DATA UNDER STUDY START

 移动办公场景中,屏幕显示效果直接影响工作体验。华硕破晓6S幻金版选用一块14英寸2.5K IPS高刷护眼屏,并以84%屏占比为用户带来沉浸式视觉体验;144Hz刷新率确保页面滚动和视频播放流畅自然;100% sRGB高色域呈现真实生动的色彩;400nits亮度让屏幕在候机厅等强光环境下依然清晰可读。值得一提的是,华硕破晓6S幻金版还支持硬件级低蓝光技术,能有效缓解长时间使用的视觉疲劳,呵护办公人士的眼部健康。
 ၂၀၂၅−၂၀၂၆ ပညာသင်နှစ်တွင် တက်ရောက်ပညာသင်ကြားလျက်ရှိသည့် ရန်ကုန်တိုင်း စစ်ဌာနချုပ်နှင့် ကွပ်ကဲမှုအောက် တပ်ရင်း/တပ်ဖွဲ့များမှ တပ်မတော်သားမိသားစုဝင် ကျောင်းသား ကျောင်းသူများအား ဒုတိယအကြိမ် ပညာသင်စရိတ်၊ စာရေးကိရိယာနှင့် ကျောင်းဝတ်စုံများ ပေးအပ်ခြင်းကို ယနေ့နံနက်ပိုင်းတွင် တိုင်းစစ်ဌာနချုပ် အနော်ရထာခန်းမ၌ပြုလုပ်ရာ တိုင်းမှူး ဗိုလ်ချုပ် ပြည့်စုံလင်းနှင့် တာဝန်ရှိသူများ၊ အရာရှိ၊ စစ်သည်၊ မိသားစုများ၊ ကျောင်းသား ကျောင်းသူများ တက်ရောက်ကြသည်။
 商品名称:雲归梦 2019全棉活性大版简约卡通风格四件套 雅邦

DATA UNDER STUDY END
DATA UNDER STUDY START

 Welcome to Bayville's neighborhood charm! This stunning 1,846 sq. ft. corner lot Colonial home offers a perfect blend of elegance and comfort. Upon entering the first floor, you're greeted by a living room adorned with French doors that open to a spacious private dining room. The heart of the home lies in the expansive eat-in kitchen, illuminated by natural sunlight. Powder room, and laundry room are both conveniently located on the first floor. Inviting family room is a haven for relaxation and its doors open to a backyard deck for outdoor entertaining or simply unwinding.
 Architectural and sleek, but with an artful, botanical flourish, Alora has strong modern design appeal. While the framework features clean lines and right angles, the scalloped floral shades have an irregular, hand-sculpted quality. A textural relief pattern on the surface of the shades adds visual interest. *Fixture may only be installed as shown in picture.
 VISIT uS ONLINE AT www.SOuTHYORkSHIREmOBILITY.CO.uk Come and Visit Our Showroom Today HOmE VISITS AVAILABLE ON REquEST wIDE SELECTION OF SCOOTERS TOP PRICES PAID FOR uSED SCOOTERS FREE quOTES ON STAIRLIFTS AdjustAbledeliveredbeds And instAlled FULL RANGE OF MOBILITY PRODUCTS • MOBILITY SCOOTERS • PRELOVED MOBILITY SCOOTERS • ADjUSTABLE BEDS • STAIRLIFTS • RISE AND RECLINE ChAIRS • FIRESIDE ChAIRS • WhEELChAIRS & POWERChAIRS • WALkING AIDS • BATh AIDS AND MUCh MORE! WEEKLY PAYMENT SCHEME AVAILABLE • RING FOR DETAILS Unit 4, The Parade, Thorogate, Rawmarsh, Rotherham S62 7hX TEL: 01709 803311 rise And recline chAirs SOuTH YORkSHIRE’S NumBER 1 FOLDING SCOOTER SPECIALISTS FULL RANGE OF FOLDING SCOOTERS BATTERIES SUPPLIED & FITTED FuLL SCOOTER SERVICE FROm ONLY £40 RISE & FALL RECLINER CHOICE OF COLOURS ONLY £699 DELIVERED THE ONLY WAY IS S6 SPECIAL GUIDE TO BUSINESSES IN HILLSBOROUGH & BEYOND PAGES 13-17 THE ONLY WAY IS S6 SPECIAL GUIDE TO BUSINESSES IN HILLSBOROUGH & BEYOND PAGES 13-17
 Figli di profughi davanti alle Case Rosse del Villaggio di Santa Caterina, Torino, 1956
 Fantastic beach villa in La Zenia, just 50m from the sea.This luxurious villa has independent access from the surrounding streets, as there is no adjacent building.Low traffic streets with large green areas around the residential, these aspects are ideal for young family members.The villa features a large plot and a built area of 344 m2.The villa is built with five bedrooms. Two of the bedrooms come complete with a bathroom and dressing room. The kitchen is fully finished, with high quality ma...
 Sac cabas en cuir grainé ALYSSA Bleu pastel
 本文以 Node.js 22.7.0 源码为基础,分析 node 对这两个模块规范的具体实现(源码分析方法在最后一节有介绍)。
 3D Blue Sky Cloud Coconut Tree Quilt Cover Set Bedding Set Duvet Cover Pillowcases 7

DATA UNDER STUDY END

Working from the material above, retype exactly the lines from the one with "本文以 Node.js 22.7.0" through the one with "3D Blue Sky", both included, and only those lines.

RESPONSE TO THIS TASK -
 本文以 Node.js 22.7.0 源码为基础,分析 node 对这两个模块规范的具体实现(源码分析方法在最后一节有介绍)。
 3D Blue Sky Cloud Coconut Tree Quilt Cover Set Bedding Set Duvet Cover Pillowcases 7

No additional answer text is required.